Quadro Clínico, Diagnóstico e Tratamento:
O quadro clínico clássico é de oclusões ou suboclusões intestinais, principalmente em crianças. A queixa de visualização de “vermes” de aspecto filiforme nas fezes também pode lever à suspeita.
Obs: Esta mesma queixa pode levantar a suspeita de teníase, pois as proglótes grávidas possuem aspecto semelhante e movimentos espontâneos.
O diagnóstico é feito pelo exame de fezes pelos métodos de Faust e Hoffman, capazes de detectar as larvas deste parasita.
Os tratamentos recomendados pela Organização Mundial de Saúde consistem na medicação com albendazol 400mg dose única, mebendazol, levamisol ou pamoato de pirantel. Outros agentes eficazes incluem tribendimidina e nitazoxanida.
Nos quadros de oclusão ou sub-oclusão intestinal, os pacientes devem ser mantidos em dieta zero, administrado óleo mineral VO e piperazine. Isto causa paralisia flácida no parasita, facilitando sua eliminação através das fezes.
A prevenção é feita com a melhora das condições de saneamento, melhoria do acesso sanitário e o adequado escoamento das fezes. A lavagem das mãos com sabão protege contra a infecção.
ESTRONGILOIDÍASE:
A Estrongiloidíase ou Estrongiloidose é uma infecção intestinal causada pelo nemátode Strongyloides stercoralis. Ao contrário de outros parasitas, estes nemátodes podem viver indefinidamente no solo como formas livres.
Seu ciclo é muito semelhante ao do Ascaris, no entanto, suas larvas possuem a capacidade de maturação mais rápida, eclodindo o ovo ainda dentro da luz intestinal (antes da eliminação para o ambiente). Após a eliminação para o ambiente, a larva é capaz de penetrar a pele humana ativamente, ganhando a circulação venosa e atingindo os pulmões (Síndrome de Löffler).
Devido a sua capacidade de maturação muito rápida, algumas larvas de Strongyloides evoluem para a forma infectante ainda dentro da luz intestinal, havendo penetração ativa da mucosa levando a auto-infecção que aumenta consideravelmente a carga parasitária do indivíduo. Nos pacientes com comprometimento da imunidade celular (uso de corticóides, por exemplo) a auto-infecção pode representar uma grande risco por haver aumento descontrolado da carga parasitária.

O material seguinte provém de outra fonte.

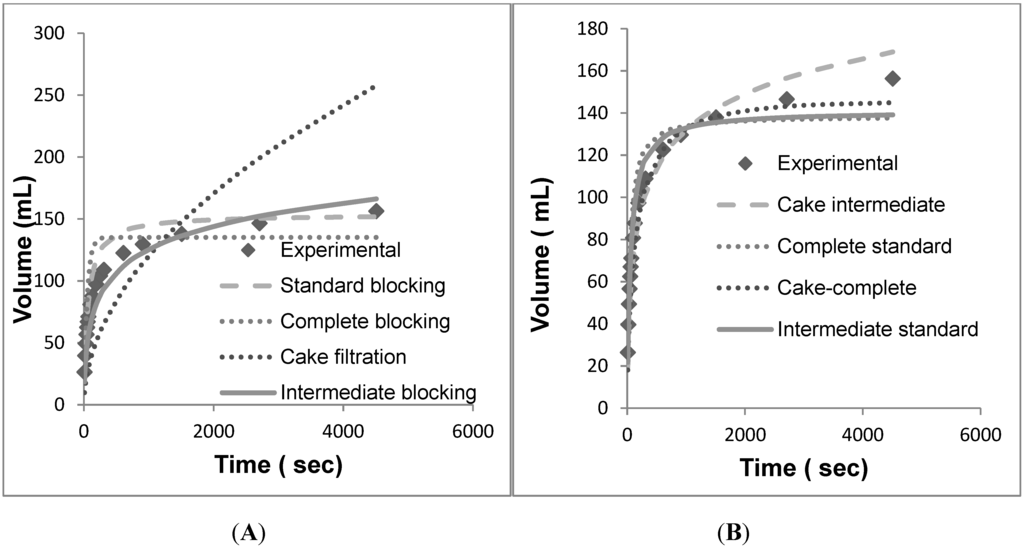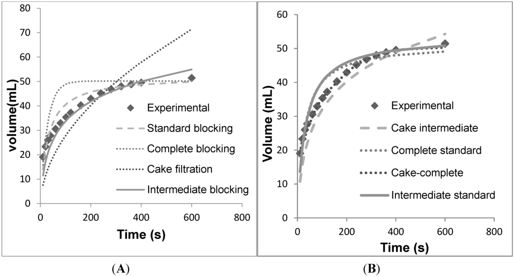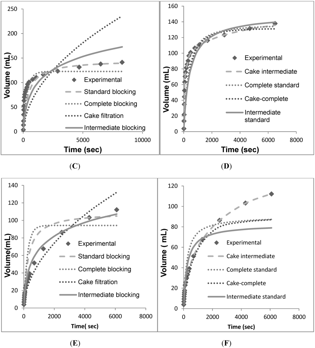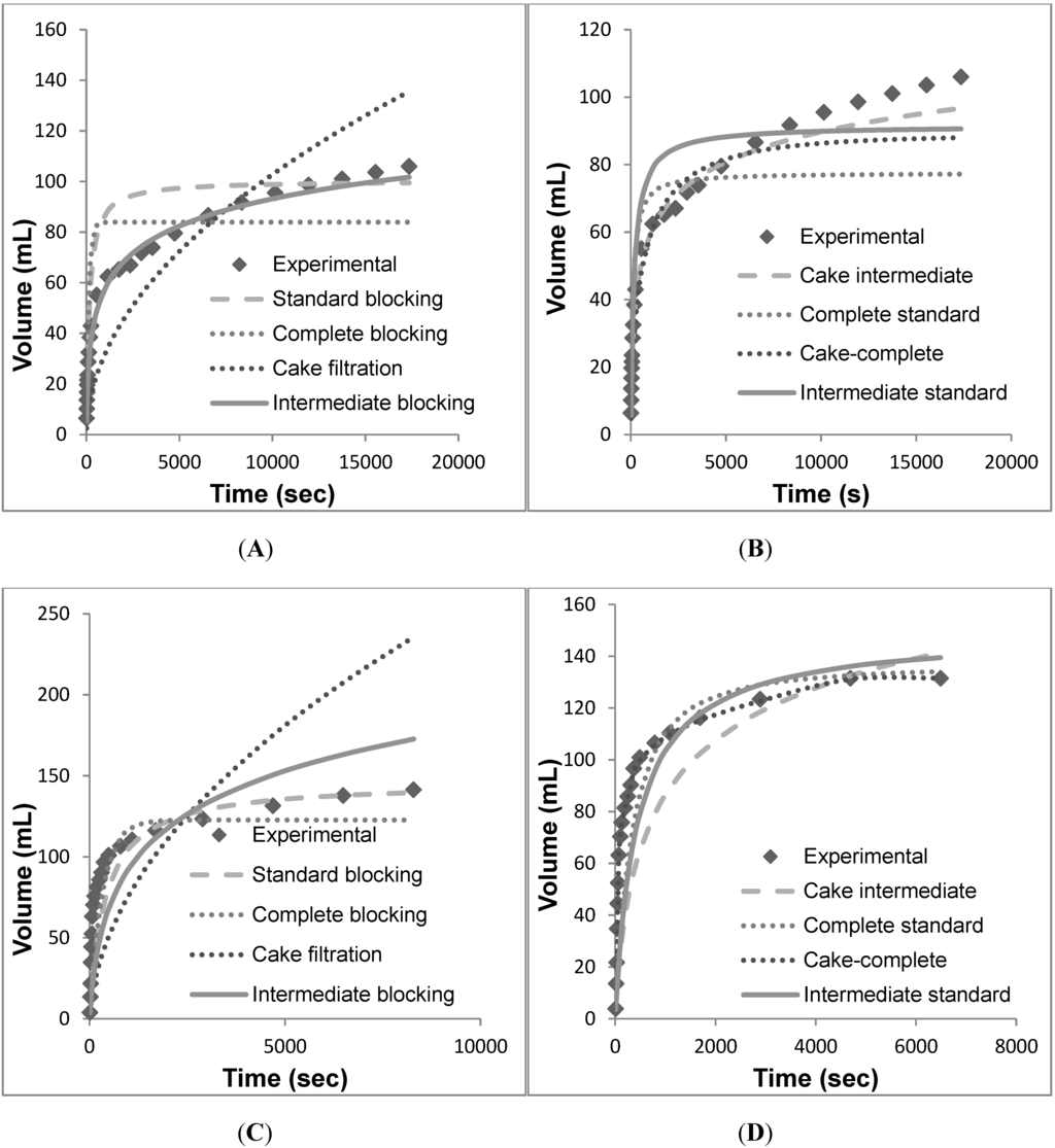 The fermentation broth was centrifuged at 8000 rpm for 30 min and then used for evaluation of the micro-filters. As mentioned above, the mean particle size was much smaller as compared to the pore diameter of the membrane. For the EKV filter, none of the four individual models mentioned above were able to explain fouling (Figure 4A). Of the four models, the intermediate blocking model provided the best fit for the data. However, significant deviations are observed between the intermediate blocking model and the experimental data, especially at the start of the operation and towards the end of the operation. This indicates that perhaps there are multiple mechanisms that are participating in the fouling of the EKV filter (as shown in Table 2).

Quadro Clínico, Diagnóstico e Tratamento:
Em sua forma clínica, a estrongiloidíase pode variar desde portador assintomático, passando por sintomas leves como dor epigástrica até quadros clínicos graves como a hiperinfecção em pacientes imunocomprometidos. Nesta última, além do dano causado pelo próprio parasita aos órgãos e tecidos, há frequentemente sepse por enterobactérias que atingem a corrente sanguínea através de translocação intestinal ou associadas às larvas.
O diagnóstico é feito através do exame de fezes que é capaz de detectar as larvas de Strongyloides através do método de Baermann-Moraes.
O tratamento é feito com Ivermectina 200mcg/kg via oral em dose única ou com Tiabendazol 50mg/kg em dose única. O albendazol por 3 dias é uma alternativa, porém possui alto índice de falha terapêutica.
Nos pacientes que serão submetidos à imunossupressão, está indicada a profilaxia com Ivermectina 200mcg/kg em dose única, mesmo naqueles com exame de fezes negativo. Nos pacientes com strongiloidíase disseminada, recomenda-se o uso de ivermectina 200mcg/kg 1x/dia por 2 dias.
ENTEROBÍASE:
A Enterobíase/Enterobiose ou Oxiurose/Oxiuríase é causada por oxiúros (Enterobius vermicularis), vermes nematódeos com menos de 15mm de comprimento e que parasitam o intestino humano. É uma das doenças parasitárias mais comuns do mundo.
Após deglutição dos ovos, as formas adultas formam-se no intestino, onde o macho e a fêmea acasalam. O macho morre após a cópula e é expulso junto com as fezes. A fêmea então migra para o cólon distal e para o reto. De noite, a fêmea sai do reto passando pelo esfíncter e deposita os ovos na mucosa anal e região perianal.
Quadro Clínico, Diagnóstico e Tratamento:
O quadro clínico mais comum é de prurido anal, principalmente a noite.
O diagnóstico é muitas vezes clínico, porém o método da fita gomada pode confirmar a suspeita diagnóstica.
O tratamento é feito com Albendazol 400mg ou Mebendazol 100mg ou pamoato de pirantel 10 mg/kg, todos feitos em dose única.
TRICURÍASE:
A Tricuríase é uma infecção pelo verme parasita Trichuris trichiura.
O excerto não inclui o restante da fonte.